In the 16th century, Madhusudana Saraswati of Bengal organised a section of the Naga (naked) tradition of armed sannyasis in order to protect Hindus from the tyranny of the Mughal invaders.

Warrior-ascetics could be found in Hinduism from at least the 1500s and as late as the 1700s, although tradition attributes their creation to Sankaracharya.

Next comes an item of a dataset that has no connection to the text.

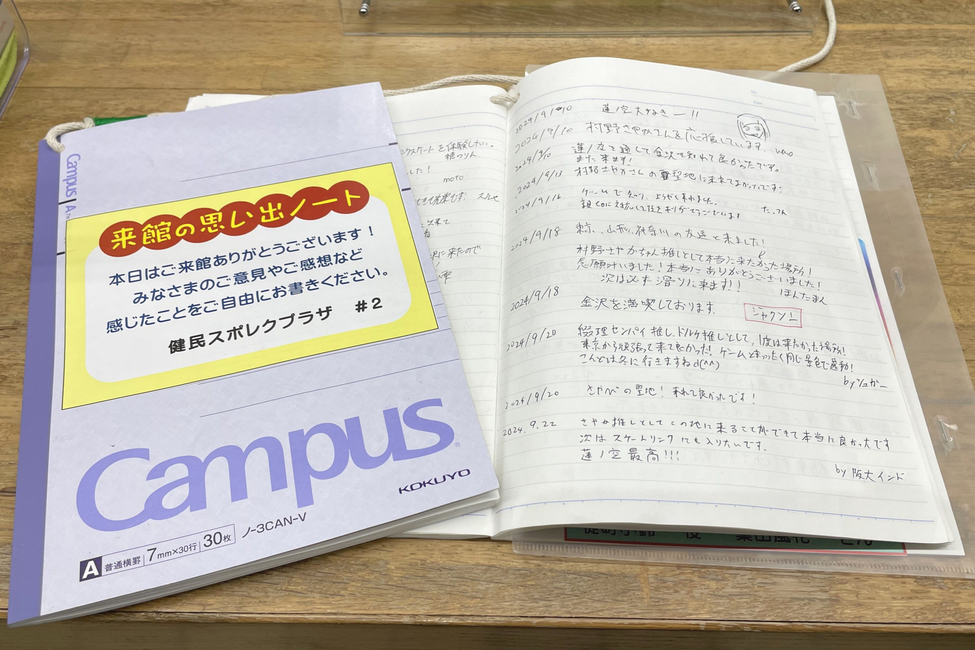 館内に入ると、村野さやかさんのパネルがお出迎え♪他にもグッズや写真の展示、誰でも自由に書くことができる思い出ノートもあります!

Some examples of Akhara currently are the Juna Akhara of the Dashanami Naga, Niranjani Akhara, Anand Akhara, Atal Akhara, Awahan Akhara, Agni Akhara and Nirmal Panchayati Akhara at Prayagraj. Each akhara is divided into sub-branches and traditions. An example is the Dattatreya Akhara (Ujjain) of the naked sadhus of Juna Naga establishment.

The naga sadhus generally remain in the ambit of non-violence, though some sections are also known to practice the sport of Indian wrestling. The Dasanāmi sannyāsins practice the Vedic and yogic Yama principles of ahimsā (non-violence), satya (truth), asteya (non-stealing), aparigraha (non-covetousness) and brahmacārya (celibacy / moderation).

The naga sadhus are prominent at Kumbh mela, where the order in which they enter the water is fixed by tradition. After the Juna akhara, the Niranjani and Mahanirvani Akhara proceed to their bath. Ramakrishna Math Sevashram are almost the last in the procession.

==Characteristics==

===Parampara===
In the Indian religious and philosophical traditions, all knowledge is traced back to the gods and to the Rishis who primarily heard the Vedas by meditation.

The current Acaryas, the heads of the maṭhas, trace their authority back to the four main disciples of Shankara, and each of the heads of these four maṭhas takes the title of Shankaracharya ("the learned Shankara") after Adi Shankara.

The Advaita guru-paramparā (Lineage of Gurus in Non-dualism) begins with the mythological time of the Daiva-paramparā, followed by the vedic seers of the Ṛṣi-paramparā, and the Mānava-paramparā of historical times and personalities: (Note: The following Sanskrit Verse among Smarthas provides the list of the early teachers of the Vedanta in their order:

"नारायणं पद्मभुवं वशिष्ठं शक्तिं च तत्पुत्रं पराशरं च व्यासं शुकं गौडपादं महान्तं गोविन्दयोगीन्द्रं अथास्य शिष्यम्

श्री शंकराचार्यं अथास्य पद्मपादं च हस्तामलकं च शिष्यम् तं तोटकं वार्त्तिककारमन्यान् अस्मद् गुरून् सन्ततमानतोऽस्मि
अद्वैत गुरु परंपरा स्तोत्रम्"

"nārāyanam padmabhuvam vasishtam saktim ca tat-putram parāśaram ca

vyāsam śukam gauḍapāda mahāntam govinda yogīndram athāsya śiṣyam

śri śankarācāryam athāsya padmapādam ca hastāmalakam ca śiṣyam

tam trotakam vārtikakāram-anyān asmad gurūn santatamānato’smi
Advaita-Guru-Paramparā-Stotram",

The above advaita guru paramparā verse salute the prominent gurus of advaita, starting from Nārāyaṇa through Adi Sankara and his disciples, up to the Acharyas of today.)

Daiva-paramparā
- Nārāyaṇa
- Sadāśiva
- Padmabhuva (Brahmā)
Ṛṣi-paramparā
- Vaśiṣṭha
- Śakti
- Parāśara
- Vyāsa (Note: the famous redactor of the vedas, he is also traditionally identified with Bādarāyaṇa, the composer of the Brahmasūtras)
- Śuka
Mānava-paramparā
- Gauḍapāda
- Govinda bhagavatpāda
- Śankara bhagavatpāda, and then Shankara's four disciples
  - Padmapāda
  - Hastāmalaka
  - Toṭaka
  - Vārtikakāra (Sureśvara) and others

===Ten Names===
Hindus who enter sannyāsa in the ēkadaṇḍi tradition take up one of the ten names associated with this Sampradaya: Giri, Puri, Bhāratī, Vana/Ban, Āraṇya, Sagara, Āśrama, Sarasvatī, Tīrtha, and Parvata. Sanyasis of Advaita Vedanta and Dvaita Vedanta belong to ēkadaṇḍi tradition.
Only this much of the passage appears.